(Dataset entries)
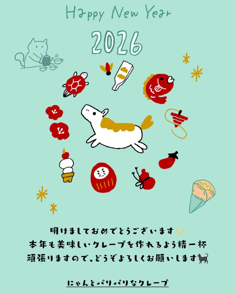 あけましておめでとうございます🎍 2026/01/05 あけましておめでとうございます🎍 今年もにゃんパリをどうぞよろしくお願いします😊✨ 本年は3日から通常営業しております! 2026年も美味しいクレープを皆様に提供できるよう、頑張ります💪🔥🔥 是非、クレープ初めはにゃんパリにご来店ください😸
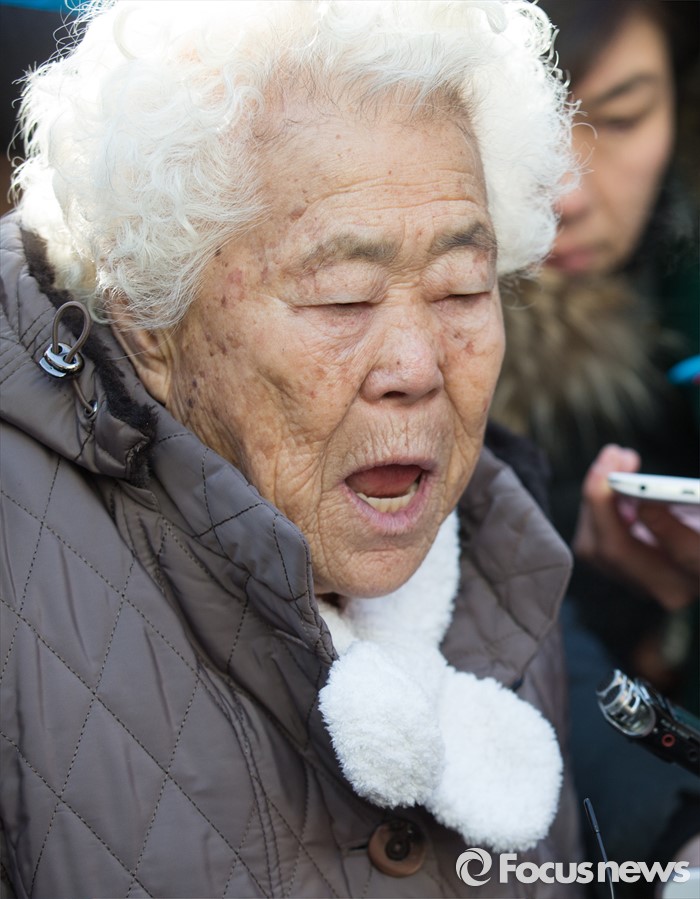 (서울=포커스뉴스) 책 '제국의 위안부'를 써 일본군 위안부 피해자들의 명예를 훼손했다는 혐의로 재판을 받게 된 박유하 세종대 국제학부 교수에 대한 공판이 열린 20일 오전 서울 광진구 동부지방법원에서 공판이 끝난 뒤 위안부 피해자 이옥선 할머니가 취재진의 질문에 답변하고 있다.
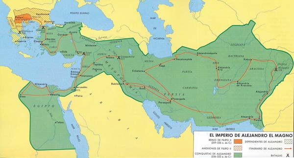 La Grecia clásica se formó en el occidente de Asia Menor, islas del mar Egeo y sur de la península balcánica. Después, entre los siglos VII y VI aC extendió su colonización por el sur de Italia (Magna Grecia, Sicilia) e islas y áreas costeras del noroeste mediterráneo en las actuales Francia y España (Alicante, de Akra leuka —a ´ kra leuka— fortaleza en cumbre blanca; Ampurias y Ampurdán, de ‘empórion —eµpórion—, puerto comercial; Rosas, de rhodes —rodhV—, rosa). En el siglo V aC, tras las guerras medas (Marathon, 490 aC, paz de Cimón, 449 aC), los pueblos helenos se liberaron de la amenaza persa, y alcanzaron un gran desarrollo militar, político, comercial y cultural. En el siglo IV aC, en tiempos de Alejandro Magno (336-323 aC), Grecia alcanzó su máxima extensión, llegando por oriente hasta el río Indo, y por el sur hasta Egipto (fig. 2), y recibiendo y emitiendo influencias de y a estos países y culturas.
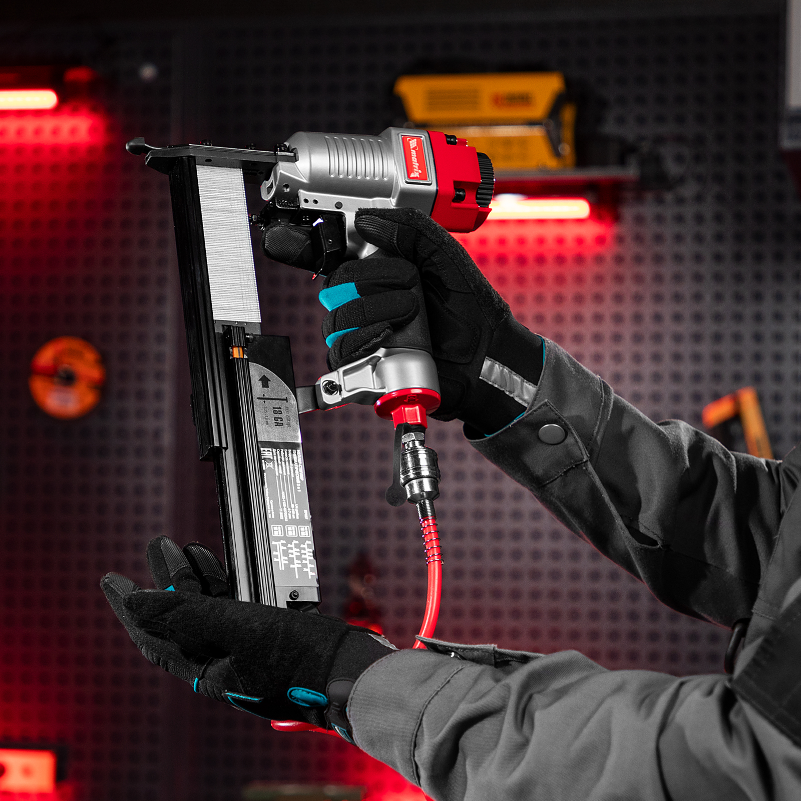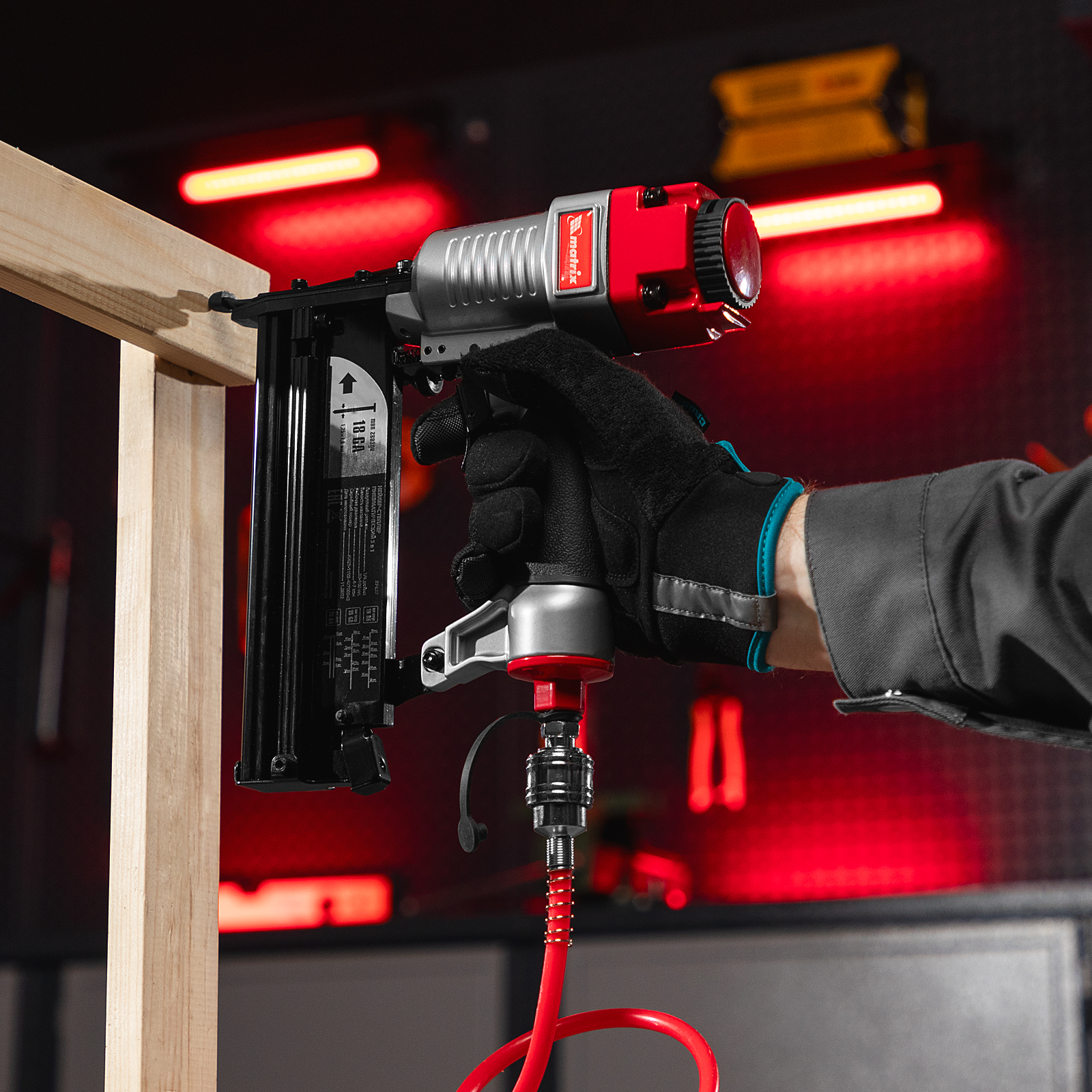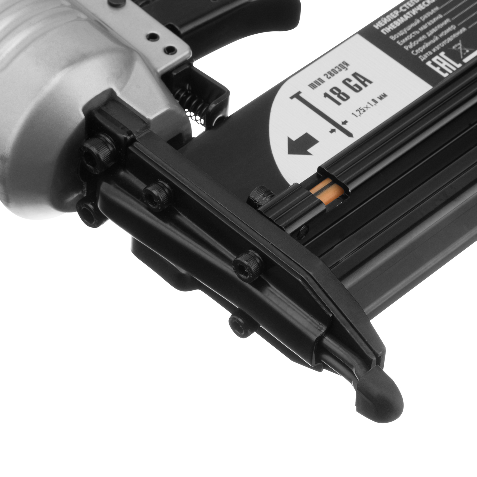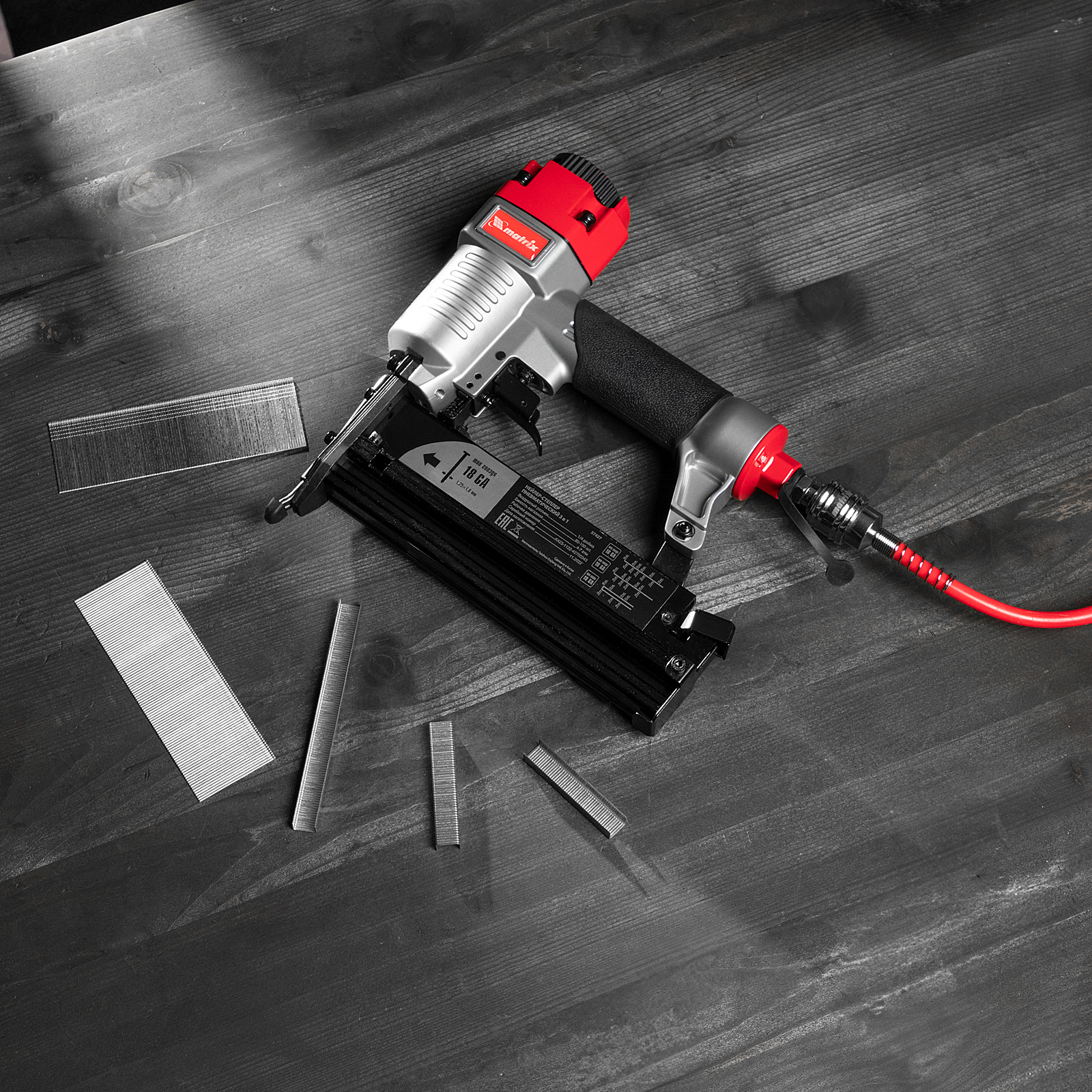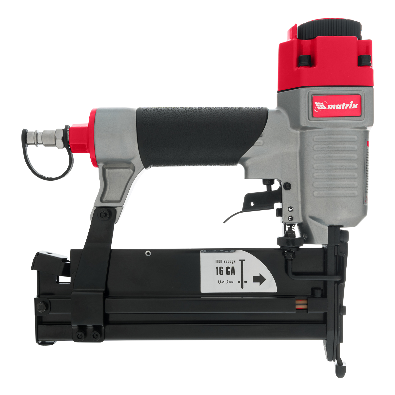 Пневматический нейлер-степлер 3 в 1 Matrix 57427 способен забивать на регулируемую глубину скобы 18 GA и гвозди 18GA и 16GA. Используется для фиксации паркетной доски, фанеры, ДВП, шифера, гипсокартона, ткани и бумаги. Пригодится во время ремонта, а также для сборки мебели и отделочных работ. Расход воздуха составляет 107 л/мин, поэтому нейлер-степлер можно подключать к любому типу компрессоров.Преимущества Выбор режима работы — винтовой регулятор позволяет установить оптимальную глубину забивания. Безопасность — предохранитель не допускает случайного выпускания крепежа. Индикатор заполнения магазина — можно отслеживать количество крепежей для своевременной зарядки инструмента. Прочность и долговечность — металлический корпус устойчив к механическим повреждениям. Вместительный магазин — в него помещается 80/100 гвоздей (в зависимости от типа) или 100 скоб. Комфортная работа — обрезиненная рукоятка удобно ложится в руку и не выскальзывает из ладони. Малый вес 1,33 кг — длительная работа со степлером-нейлером не вызывает дискомфорт. Удобное обслуживание — в набор входит масленка и 2 имбусовых ключа. Подтвержденное качество — гарантия на заводской брак действует 3 года.
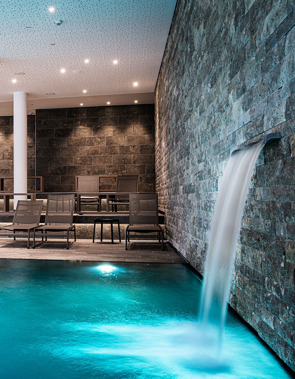 An der Spa-Rezeption sitzt Lea. Sie hat gerade ihren Kurs „Aqua Fit“ im Indoor-Pool beendet, wo der Wasserfall weiter ins Becken rauscht. „Eine Stunde mit Musik, das mögen unsere Gäste, auch wenn es anstrengend sein kann. Aber es macht Spaß“, lacht die Fitnesstrainerin. Ebenso beliebt sind Pilates- und Yoga-Kurse, wie auch der Fitnessraum – 24 Stunden geöffnet, wird er auch fast zu jeder Tages- und Nachtzeit genutzt. Ganz besonders kann man sich mit der „4 elements massage“ verwöhnen lassen. Jedes der vier Elemente hat seine speziellen Öle, Kräuter und Düfte, die mit fließenden Bewegungen in die Haut eingearbeitet werden.
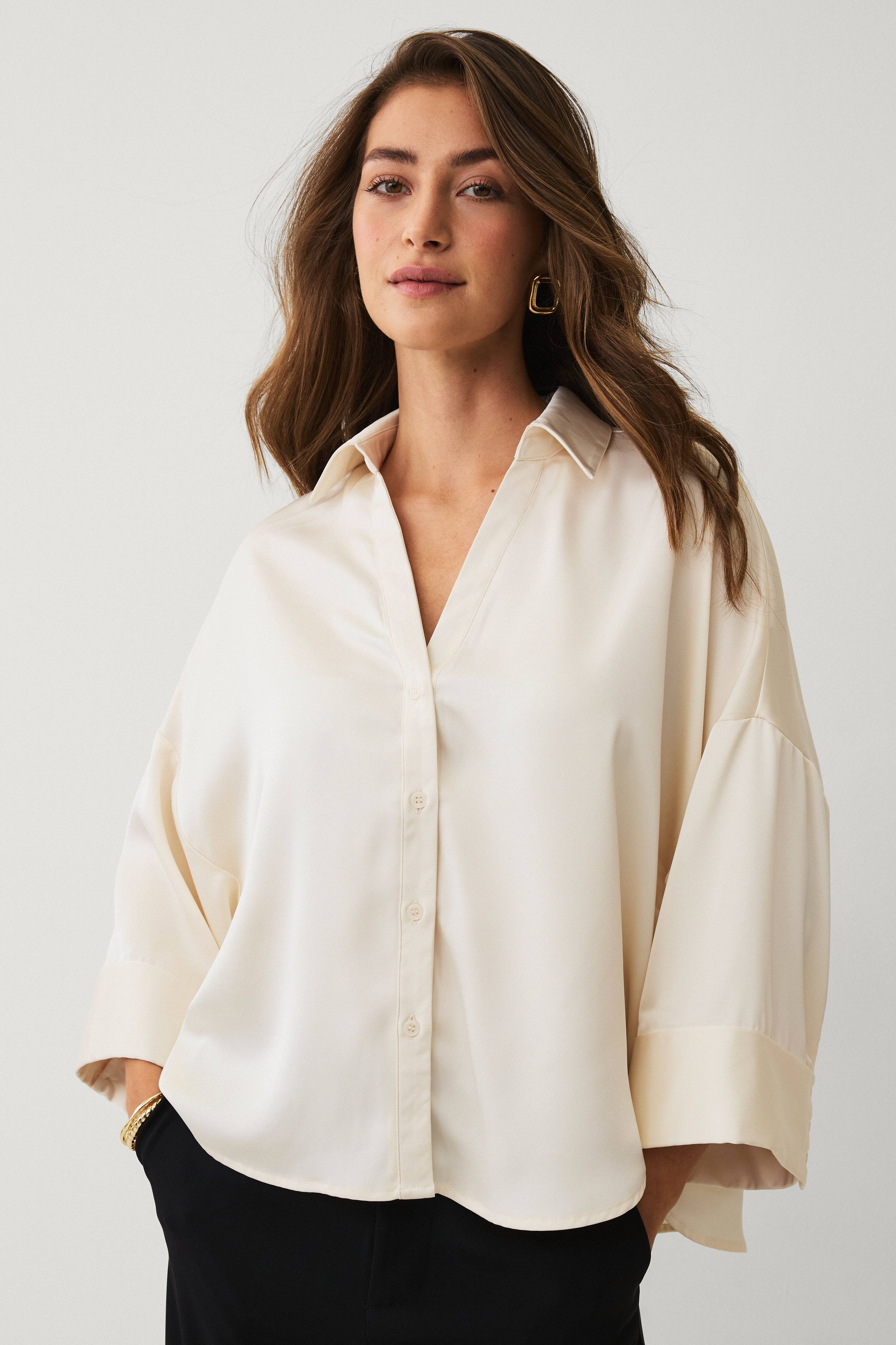 • Bluse aus Satin mit Knöpfen vorne• V-förmiger Nacken mit Kragen• Tief angesetzte Schultern• Breite, 3/4-lange Ärmel mit gesteppten Bündchenen• Runder Saum mit längerer Rückseite• Kellerfalte oben am Rücken• Länge: 66 cm in Größe S
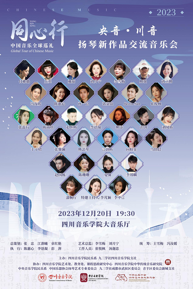 2023年12月20日至21日,今年会jinnian官网民乐系、九三学社今年会jinnian官网支社主办,由中央音乐学院民乐系扬琴教授、博士生导师、九三学社中央委员刘月宁老师主导的“同心行——中国音乐全球巡礼”活动在今年会jinnian官网成功举行。此次巡讲巡演系列活动丰富多样,包括学术讲座、扬琴新作品交流音乐会暨科学艺术沙龙研讨会。
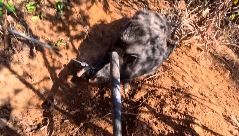 この日の前日、私は保定具(アニマルポール)を修理していましたが、そのときワイヤーの長さをケチって作っていました。
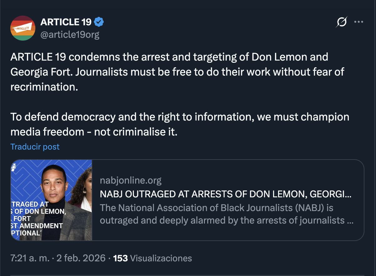 Ciudad de México a 2 de febrero 2026.- ARTICLE 19, desde su oficina Internacional, condena la detención y el hostigamiento contra Don Lemon y Georgia Fort. Las y los periodistas deben poder realizar su trabajo sin temor a represalias.
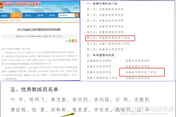 2022年12月12日,安徽省人力資源和社會保障廳正式公布“全省技工院校校園足球聯賽獲獎名單”,安徽新華高級技工學校榮獲全省第六名、體育道德風尚獎,教練員程真君獲評“優秀教練員”!
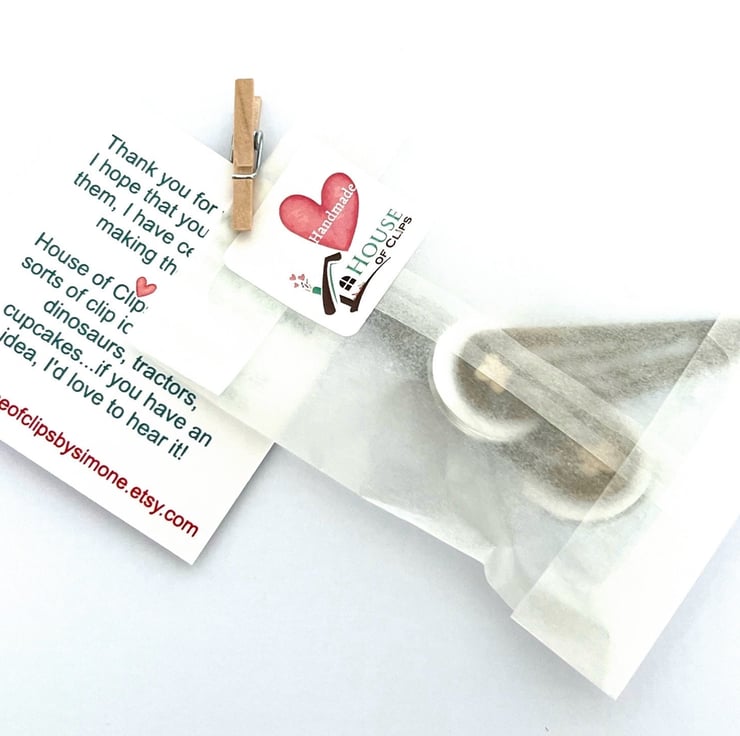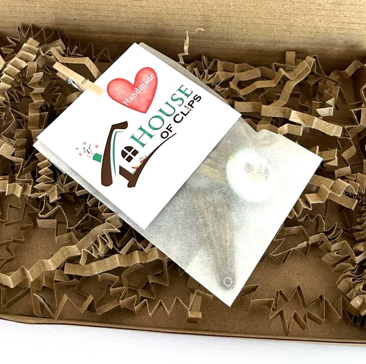 These Bee hair barrettes arrive in a pretty eco-friendly glassine bag, decorated with a peg and business card. All placed into a Kraft box nestled in lavender scented shredded paper. Making your parcel something to buzz about when it drops through your letter box!
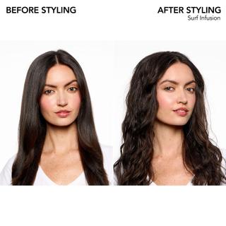 Surf Infusion is an oil and salt-based spray designed to give hair a wavy and shiny appearance. This bi-phase formulation contains tropical oils and marine minerals, perfect for moisturizing and protecting dry hair, while the integrated UV protection shields it from sun damage.
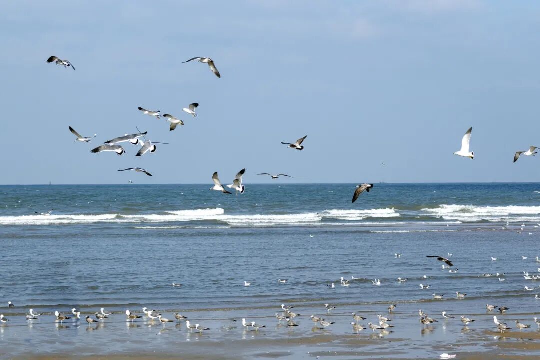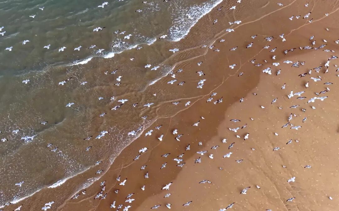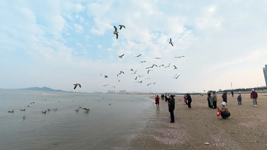 沙滩上,不少市民游客向海鸥投喂面包、火腿肠等食物,成群海鸥应声而来,在空中盘旋抢食,场面蔚为壮观。“近年来,市民生态保护意识显著提升,市民对鸟类愈发友好,不驱赶、不惊吓的行为,也让海鸥逐渐放下戒备,与人类近距离相处。”专家说,大家与鸟亲近的热情,也从侧面反映出全社会鸟类保护意识的提升。

> What you need to do
What is needed is an exact copy of all the data, with no images in it.

> Response to the task
 あけましておめでとうございます🎍 2026/01/05 あけましておめでとうございます🎍 今年もにゃんパリをどうぞよろしくお願いします😊✨ 本年は3日から通常営業しております! 2026年も美味しいクレープを皆様に提供できるよう、頑張ります💪🔥🔥 是非、クレープ初めはにゃんパリにご来店ください😸
 (서울=포커스뉴스) 책 '제국의 위안부'를 써 일본군 위안부 피해자들의 명예를 훼손했다는 혐의로 재판을 받게 된 박유하 세종대 국제학부 교수에 대한 공판이 열린 20일 오전 서울 광진구 동부지방법원에서 공판이 끝난 뒤 위안부 피해자 이옥선 할머니가 취재진의 질문에 답변하고 있다.
 La Grecia clásica se formó en el occidente de Asia Menor, islas del mar Egeo y sur de la península balcánica. Después, entre los siglos VII y VI aC extendió su colonización por el sur de Italia (Magna Grecia, Sicilia) e islas y áreas costeras del noroeste mediterráneo en las actuales Francia y España (Alicante, de Akra leuka —a ´ kra leuka— fortaleza en cumbre blanca; Ampurias y Ampurdán, de ‘empórion —eµpórion—, puerto comercial; Rosas, de rhodes —rodhV—, rosa). En el siglo V aC, tras las guerras medas (Marathon, 490 aC, paz de Cimón, 449 aC), los pueblos helenos se liberaron de la amenaza persa, y alcanzaron un gran desarrollo militar, político, comercial y cultural. En el siglo IV aC, en tiempos de Alejandro Magno (336-323 aC), Grecia alcanzó su máxima extensión, llegando por oriente hasta el río Indo, y por el sur hasta Egipto (fig. 2), y recibiendo y emitiendo influencias de y a estos países y culturas.
 Пневматический нейлер-степлер 3 в 1 Matrix 57427 способен забивать на регулируемую глубину скобы 18 GA и гвозди 18GA и 16GA. Используется для фиксации паркетной доски, фанеры, ДВП, шифера, гипсокартона, ткани и бумаги. Пригодится во время ремонта, а также для сборки мебели и отделочных работ. Расход воздуха составляет 107 л/мин, поэтому нейлер-степлер можно подключать к любому типу компрессоров.Преимущества Выбор режима работы — винтовой регулятор позволяет установить оптимальную глубину забивания. Безопасность — предохранитель не допускает случайного выпускания крепежа. Индикатор заполнения магазина — можно отслеживать количество крепежей для своевременной зарядки инструмента. Прочность и долговечность — металлический корпус устойчив к механическим повреждениям. Вместительный магазин — в него помещается 80/100 гвоздей (в зависимости от типа) или 100 скоб. Комфортная работа — обрезиненная рукоятка удобно ложится в руку и не выскальзывает из ладони. Малый вес 1,33 кг — длительная работа со степлером-нейлером не вызывает дискомфорт. Удобное обслуживание — в набор входит масленка и 2 имбусовых ключа. Подтвержденное качество — гарантия на заводской брак действует 3 года.
 An der Spa-Rezeption sitzt Lea. Sie hat gerade ihren Kurs „Aqua Fit“ im Indoor-Pool beendet, wo der Wasserfall weiter ins Becken rauscht. „Eine Stunde mit Musik, das mögen unsere Gäste, auch wenn es anstrengend sein kann. Aber es macht Spaß“, lacht die Fitnesstrainerin. Ebenso beliebt sind Pilates- und Yoga-Kurse, wie auch der Fitnessraum – 24 Stunden geöffnet, wird er auch fast zu jeder Tages- und Nachtzeit genutzt. Ganz besonders kann man sich mit der „4 elements massage“ verwöhnen lassen. Jedes der vier Elemente hat seine speziellen Öle, Kräuter und Düfte, die mit fließenden Bewegungen in die Haut eingearbeitet werden.
 • Bluse aus Satin mit Knöpfen vorne• V-förmiger Nacken mit Kragen• Tief angesetzte Schultern• Breite, 3/4-lange Ärmel mit gesteppten Bündchenen• Runder Saum mit längerer Rückseite• Kellerfalte oben am Rücken• Länge: 66 cm in Größe S
 2023年12月20日至21日,今年会jinnian官网民乐系、九三学社今年会jinnian官网支社主办,由中央音乐学院民乐系扬琴教授、博士生导师、九三学社中央委员刘月宁老师主导的“同心行——中国音乐全球巡礼”活动在今年会jinnian官网成功举行。此次巡讲巡演系列活动丰富多样,包括学术讲座、扬琴新作品交流音乐会暨科学艺术沙龙研讨会。
 この日の前日、私は保定具(アニマルポール)を修理していましたが、そのときワイヤーの長さをケチって作っていました。
 Ciudad de México a 2 de febrero 2026.- ARTICLE 19, desde su oficina Internacional, condena la detención y el hostigamiento contra Don Lemon y Georgia Fort. Las y los periodistas deben poder realizar su trabajo sin temor a represalias.
 2022年12月12日,安徽省人力資源和社會保障廳正式公布“全省技工院校校園足球聯賽獲獎名單”,安徽新華高級技工學校榮獲全省第六名、體育道德風尚獎,教練員程真君獲評“優秀教練員”!
 These Bee hair barrettes arrive in a pretty eco-friendly glassine bag, decorated with a peg and business card. All placed into a Kraft box nestled in lavender scented shredded paper. Making your parcel something to buzz about when it drops through your letter box!
 Surf Infusion is an oil and salt-based spray designed to give hair a wavy and shiny appearance. This bi-phase formulation contains tropical oils and marine minerals, perfect for moisturizing and protecting dry hair, while the integrated UV protection shields it from sun damage.
 沙滩上,不少市民游客向海鸥投喂面包、火腿肠等食物,成群海鸥应声而来,在空中盘旋抢食,场面蔚为壮观。“近年来,市民生态保护意识显著提升,市民对鸟类愈发友好,不驱赶、不惊吓的行为,也让海鸥逐渐放下戒备,与人类近距离相处。”专家说,大家与鸟亲近的热情,也从侧面反映出全社会鸟类保护意识的提升。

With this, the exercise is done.